In some ways, he was therefore not a gentleman player at all. Edberg killed off opponents with quick points, making adversaries look slow, out of position and vulnerable. That knee-bent, clenched-fist celebration he broke into was a smack in the face to the guy on the other side of the net. It wasn’t intended to be of course, but it was. We saw it many times on his way to a track-record that includes 41 singles titles with 6 Grand Slams and 4 Davis Cup wins for Sweden. He was World Number 1. In total he won 3 of every 4 singles matches he played.
Then fast forward twenty years from his quiet retirement in Sweden where he became a seriously good squash player.

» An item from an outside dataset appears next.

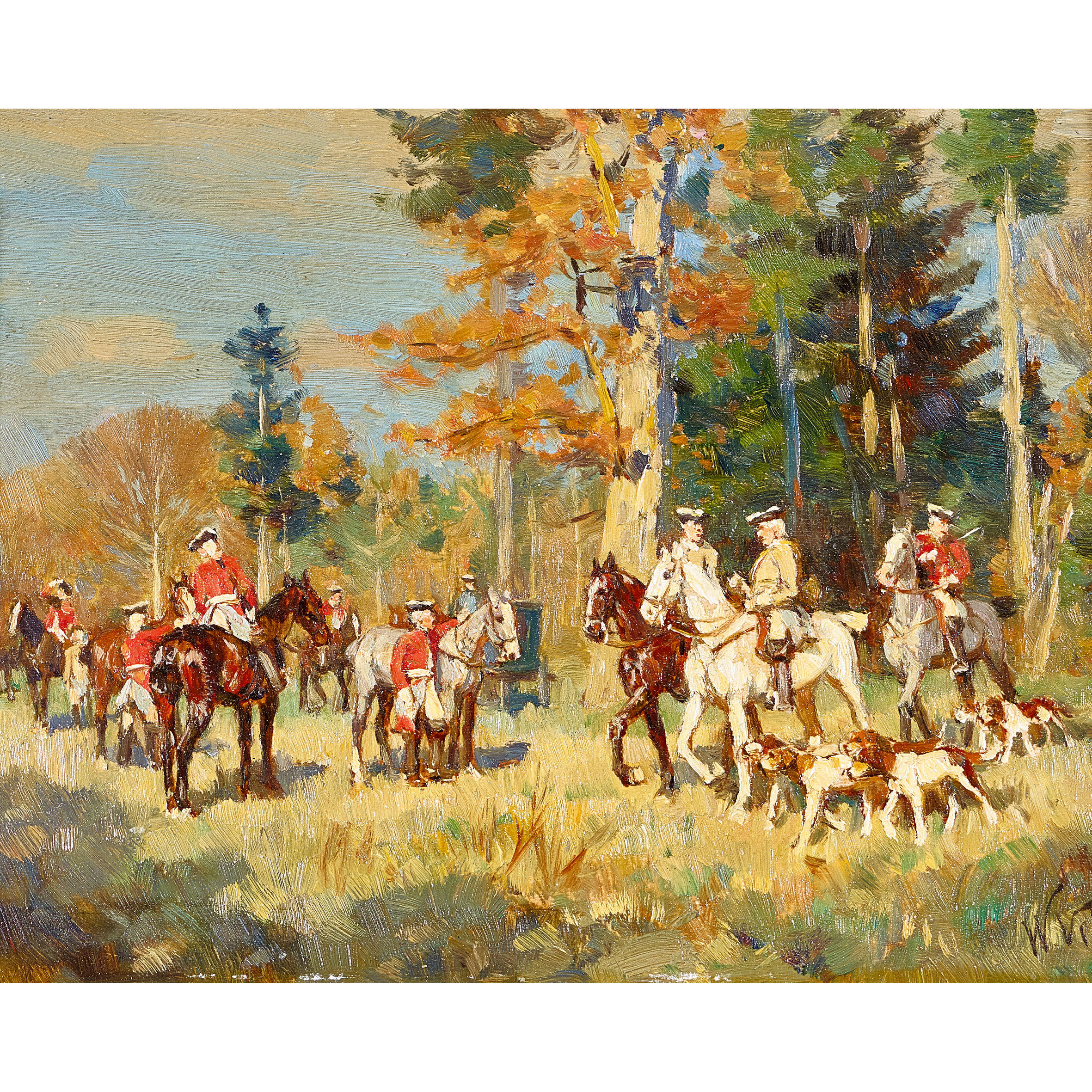 Jagdgesellschaft am Waldrand.

In 2014, in what was yet another stroke of genius by the other “gentleman player” Roger Federer, Edberg’s services were called on to help him develop a more aggressive game with shorter points as Roger entered his thirties. Watching them hit together, swinging their Wilsons on the practice courts of Indian Wells, is the best twenty minutes you’ll ever spend on YouTube. It is the epitome of “classy tennis”. The rhythm with which they hit the ball together is mesmerizing and metronomic. And remember, Federer is practicing with his boyhood idol who had become his coach-the stuff of Roger’s childhood dreams no doubt.
It was in their time together that Federer made some changes to his game. He introduced us to the “SABR”, the “Sneak Attack By Roger” when he suddenly advances to the service line for a snatched return of his opponent’s serve. It was an all-new tennis stroke. Others have since copied it but never with the same panache or effectiveness.
More significantly though, it was also in their time together that Federer switched to playing with a new racket. Both men had learned their craft using Wilson Pro Staff rackets with small 85 and 90 square inch head sizes, and both men had found high-bouncing clay courts the most challenging surface (Edberg, like Sampras who used the same racket, never won Roland Garros). Under Edberg’s stewardship, however, Roger helped develop Wilson’s Pro Staff lineage by specifying a more modern 97 square inch head size for his new signature racket. His switch to what became known as the Wilson Pro Staff RF97 Autograph had the tennis world chattering and it is already in the bracket of iconic tennis rackets. The quiet Swede’s hidden influence was visible for us all to see as Roger was then able to ramp up his own brand of aggressive tennis, rejuvenated and with an improved, even more reliable backhand for good measure.
When the Edberg/Federer coaching relationship came to an elegant end in 2015, having accomplished what he set out to do, the Swede returned to the place where he seems most comfortable, out of plain sight. No cameras, no fanfare, just the occasional appearance here and there. How very “Edberg” of him.
So what’s his legacy? There is a lot to say about that but perhaps it can be distilled into two very important codes which don’t just apply to tennis.
First, let your skills and talent do the talking, not your mouth. In open era tennis, Edberg, with Steffi Graf from the women’s game, are best-in-class examples of players who followed that code.
Second, nice guys don’t always finish last. If you unpack that sentence and think about what it really means, it’s the legacy we should all aspire to leave behind.